== Dataset extract ==
====
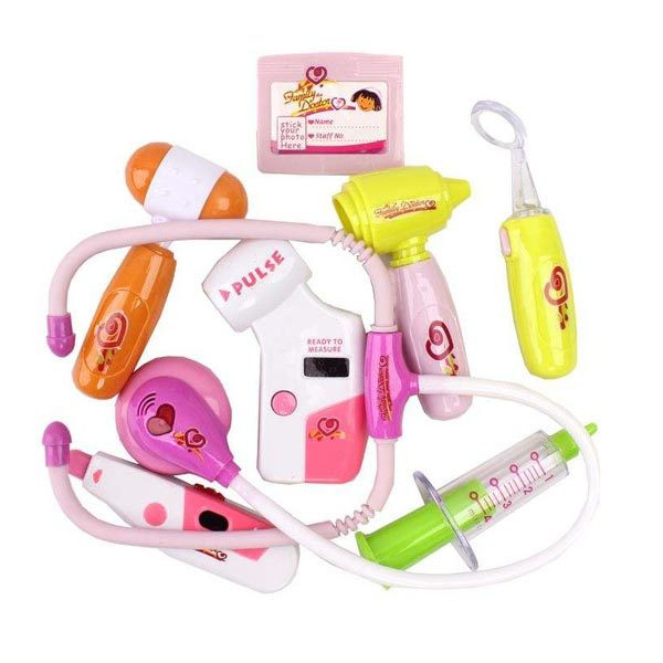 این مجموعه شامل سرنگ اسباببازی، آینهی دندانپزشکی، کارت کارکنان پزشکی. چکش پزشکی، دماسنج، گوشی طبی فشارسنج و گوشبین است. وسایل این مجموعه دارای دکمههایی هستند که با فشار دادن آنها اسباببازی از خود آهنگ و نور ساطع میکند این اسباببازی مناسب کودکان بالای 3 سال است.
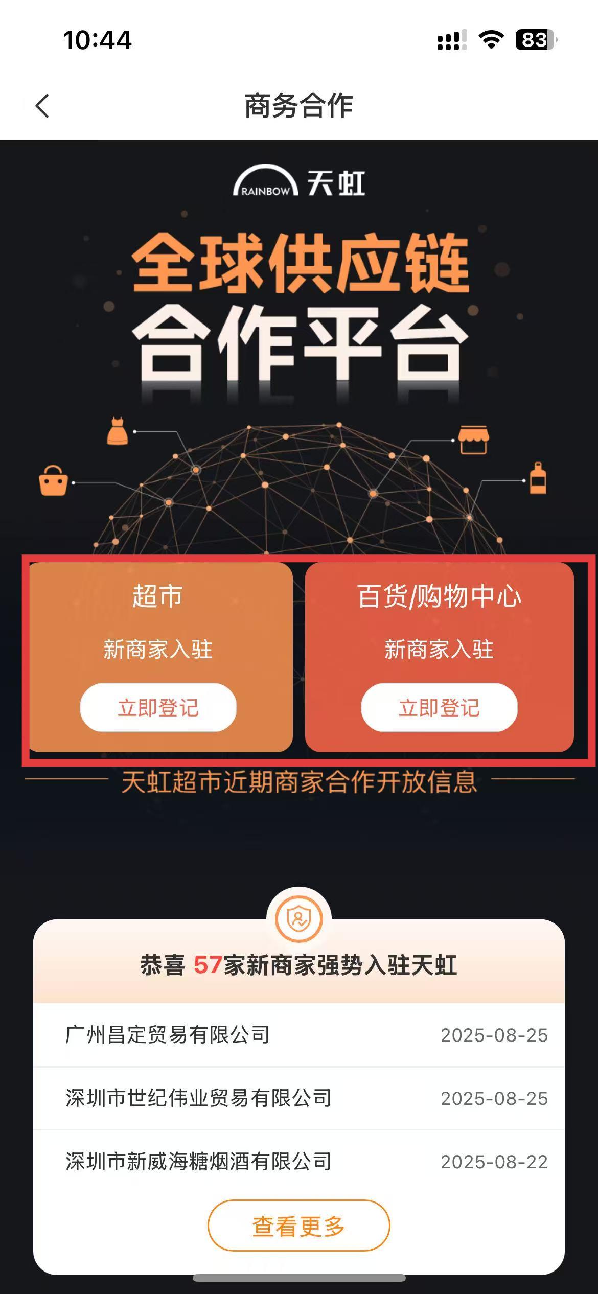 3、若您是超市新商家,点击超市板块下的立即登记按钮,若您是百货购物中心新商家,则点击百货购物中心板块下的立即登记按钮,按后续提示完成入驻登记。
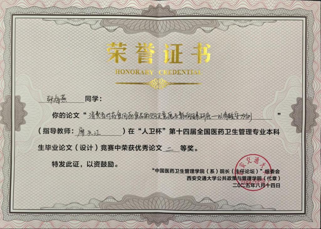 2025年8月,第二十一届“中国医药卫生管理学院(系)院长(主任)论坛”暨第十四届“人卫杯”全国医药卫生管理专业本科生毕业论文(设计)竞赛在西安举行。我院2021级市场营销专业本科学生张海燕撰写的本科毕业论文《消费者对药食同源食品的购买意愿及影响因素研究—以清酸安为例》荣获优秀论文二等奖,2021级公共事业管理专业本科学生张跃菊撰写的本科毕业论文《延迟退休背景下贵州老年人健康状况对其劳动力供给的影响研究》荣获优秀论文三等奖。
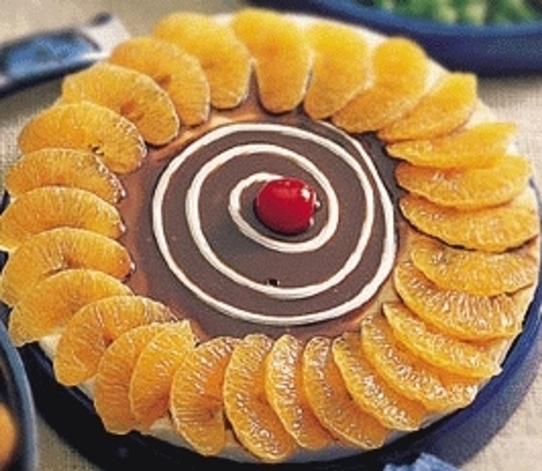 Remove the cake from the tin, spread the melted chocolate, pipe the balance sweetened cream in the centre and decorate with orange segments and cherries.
====
== Action item ==
I would like the material repeated in full and exactly, with its images omitted.

== Solution to the exercise ==
 این مجموعه شامل سرنگ اسباببازی، آینهی دندانپزشکی، کارت کارکنان پزشکی. چکش پزشکی، دماسنج، گوشی طبی فشارسنج و گوشبین است. وسایل این مجموعه دارای دکمههایی هستند که با فشار دادن آنها اسباببازی از خود آهنگ و نور ساطع میکند این اسباببازی مناسب کودکان بالای 3 سال است.
 3、若您是超市新商家,点击超市板块下的立即登记按钮,若您是百货购物中心新商家,则点击百货购物中心板块下的立即登记按钮,按后续提示完成入驻登记。
 2025年8月,第二十一届“中国医药卫生管理学院(系)院长(主任)论坛”暨第十四届“人卫杯”全国医药卫生管理专业本科生毕业论文(设计)竞赛在西安举行。我院2021级市场营销专业本科学生张海燕撰写的本科毕业论文《消费者对药食同源食品的购买意愿及影响因素研究—以清酸安为例》荣获优秀论文二等奖,2021级公共事业管理专业本科学生张跃菊撰写的本科毕业论文《延迟退休背景下贵州老年人健康状况对其劳动力供给的影响研究》荣获优秀论文三等奖。
 Remove the cake from the tin, spread the melted chocolate, pipe the balance sweetened cream in the centre and decorate with orange segments and cherries.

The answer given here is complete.